Swimmer grabbing gear out of a backpack

Complete Triathlon Gear Checklist For Race Day

Triathlon Gear Checklist for Race Day

Organizing your triathlon gear ahead of time will help you get in the right headspace on race day. Instead of worrying about whether you brought all the right things and rummaging through bags in a panic, you’ll be able to focus on the task ahead and get in the zone.

We’ve put together a comprehensive checklist to help triathletes prepare for race day, divided into four main components: the swim, cycle, run, as well as covering other items you may need. This list is perfect for triathlon beginners or seasoned veterans.
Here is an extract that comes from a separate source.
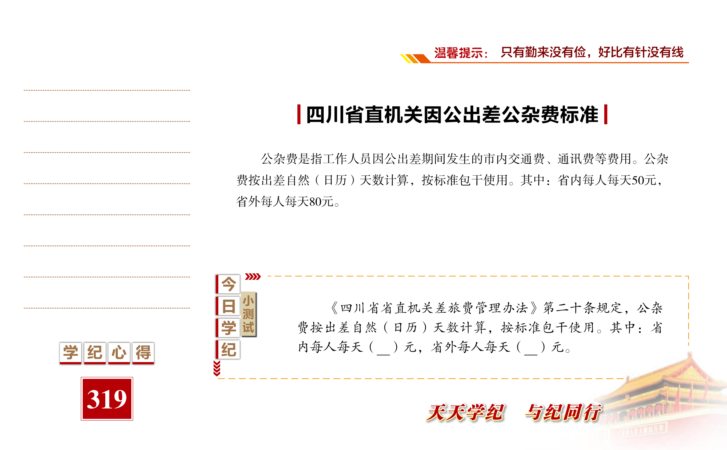 【天天学纪】2021年5月15日——四川省直机关因公出差公杂费标准

It applies to any triathlete, at any skill level, for any race—including an Ironman.

Group of swimmers beginning a triathlon

The gear you will find on the list includes the necessary supplies for any triathlon, as well as tips to ensure everything is packed correctly and ready to go. The checklist is also available as a printable PDF that you can use to stay organized while preparing for the event, so you have complete peace of mind on the big day.

Prepping your gear

When gathering all your triathlon supplies, lay them out on the floor in front of you. That way, you have an easy visual of each item to see what you have and what might be missing. Triple-check your gear list to make sure you have everything you need before packing it up.

Triathlon Gear Checklist

Swim

Swim caps (2)

Goggles (2)

Tri suit

Wetsuit

Anti-chafing and blister prevention products (such as Body Glide)

Sandals

Bike

T1 towel

Bike shoes

Race belt

Bike helmet/TT helmet

Sunglasses

GPS bike computer head unit

Road bike/TT bike

Bike water bottle (already filled)

Chamois cream (optional)

Socks (optional)

Rubber bands (optional)

Cycling gloves (weather dependent)

Arm warmers (weather dependent)

Cycling gilet (weather dependent)

Rain jacket (weather dependent)

Flat kit

Multi-tool

Run

T2 towel

Quick lace running shoes

Headlamp

Extra running kit options

Cap or visor (optional)

Socks (optional)

Race morning food

Warm clothing for the morning

 Smartwatch or watch

Warmup runners

Electrolyte drink(s)

Transition bags, boxes, or bins

Plastic bags for liquids and gels

Larger plastic or reusable bag for damp items at the end of the race

Additional water bottles (already filled, so you don’t have to fill them at the race)

Electrical tape (can be used to tape nutrition to yourself or your bike)

Hair elastics (if applicable)

Inhalers (if applicable)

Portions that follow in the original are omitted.